Input data:
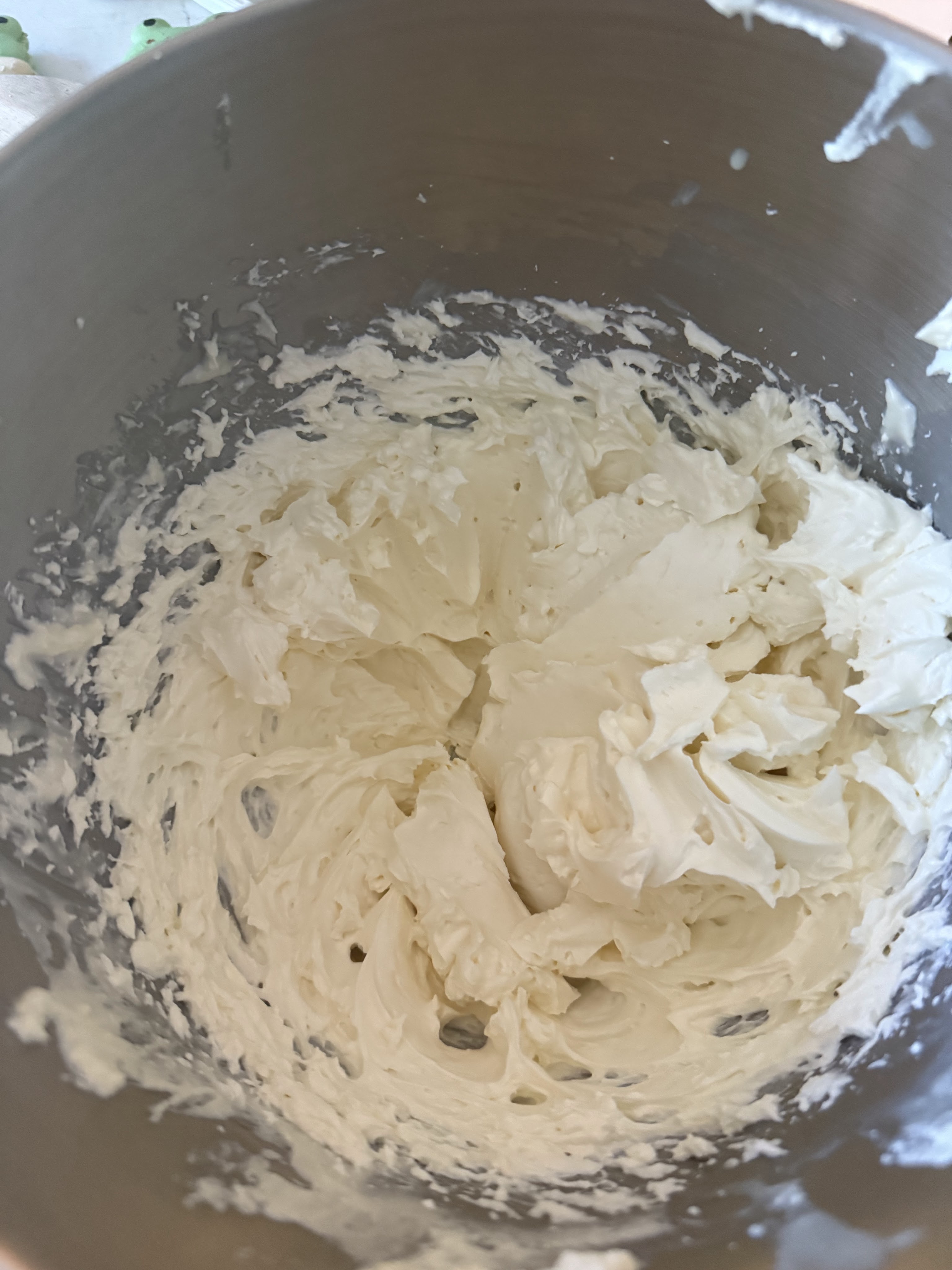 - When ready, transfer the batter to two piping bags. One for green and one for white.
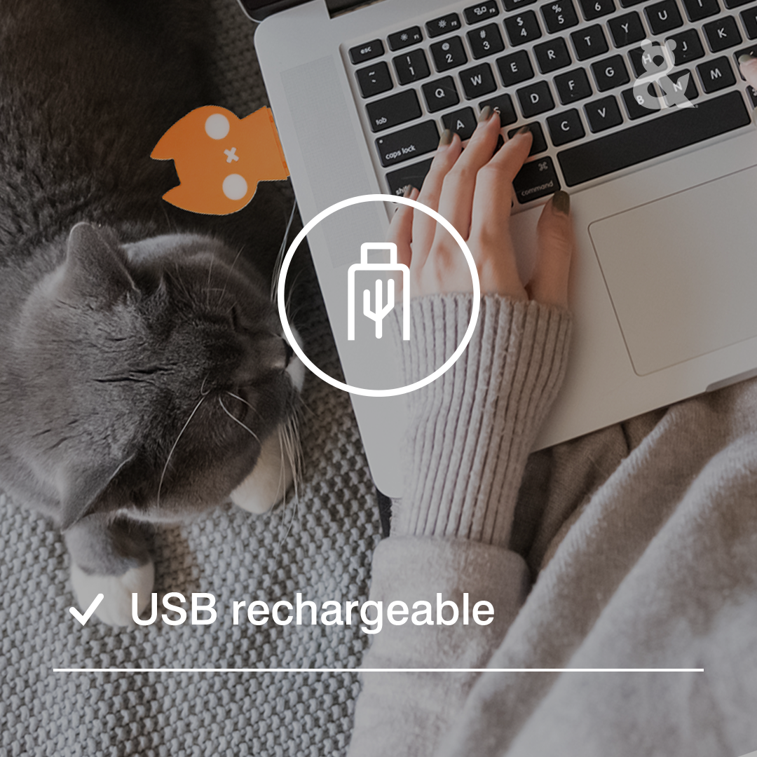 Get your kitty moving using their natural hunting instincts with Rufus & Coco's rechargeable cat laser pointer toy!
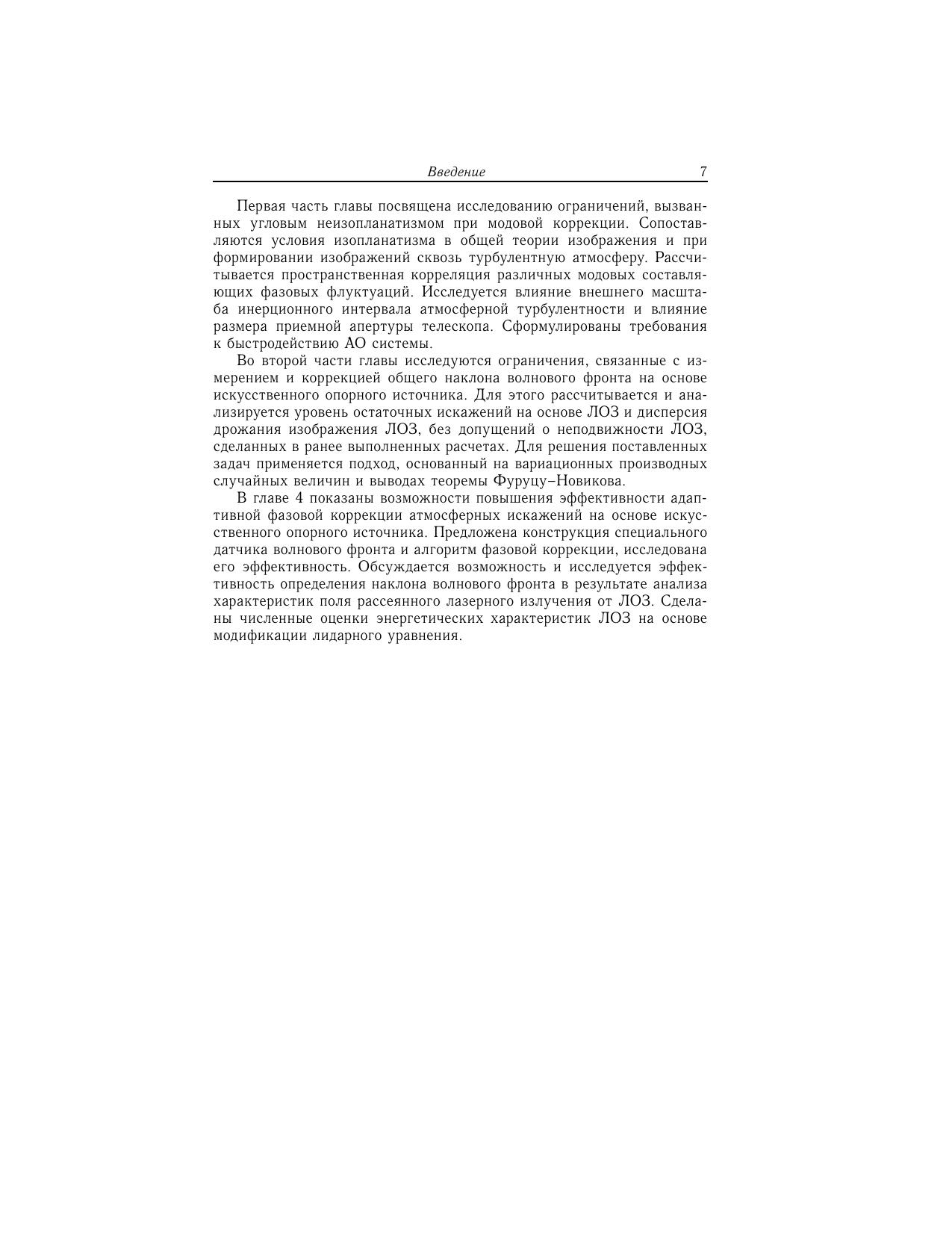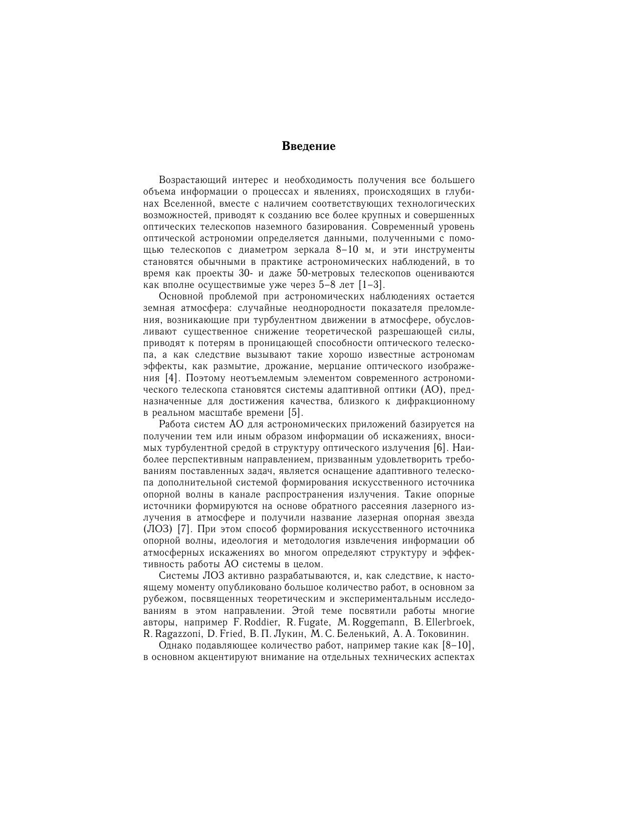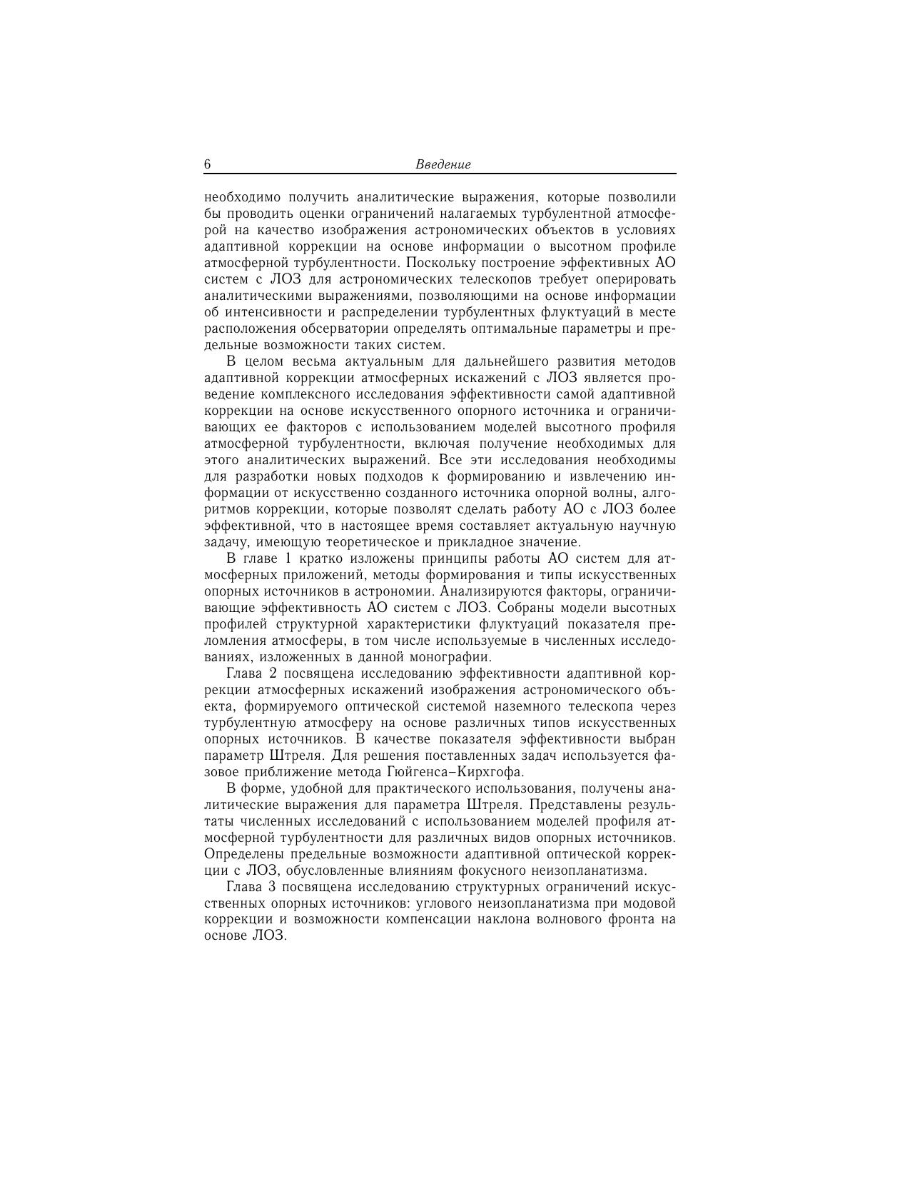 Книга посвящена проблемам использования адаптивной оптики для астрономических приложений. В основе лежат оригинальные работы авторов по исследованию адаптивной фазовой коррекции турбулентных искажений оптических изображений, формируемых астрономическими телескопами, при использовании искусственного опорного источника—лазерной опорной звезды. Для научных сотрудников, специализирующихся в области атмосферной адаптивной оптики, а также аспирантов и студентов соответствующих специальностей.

What is being asked:
Give back each line above exactly, with pictures dropped.

Solution for this problem:
 - When ready, transfer the batter to two piping bags. One for green and one for white.
 Get your kitty moving using their natural hunting instincts with Rufus & Coco's rechargeable cat laser pointer toy!
 Книга посвящена проблемам использования адаптивной оптики для астрономических приложений. В основе лежат оригинальные работы авторов по исследованию адаптивной фазовой коррекции турбулентных искажений оптических изображений, формируемых астрономическими телескопами, при использовании искусственного опорного источника—лазерной опорной звезды. Для научных сотрудников, специализирующихся в области атмосферной адаптивной оптики, а также аспирантов и студентов соответствующих специальностей.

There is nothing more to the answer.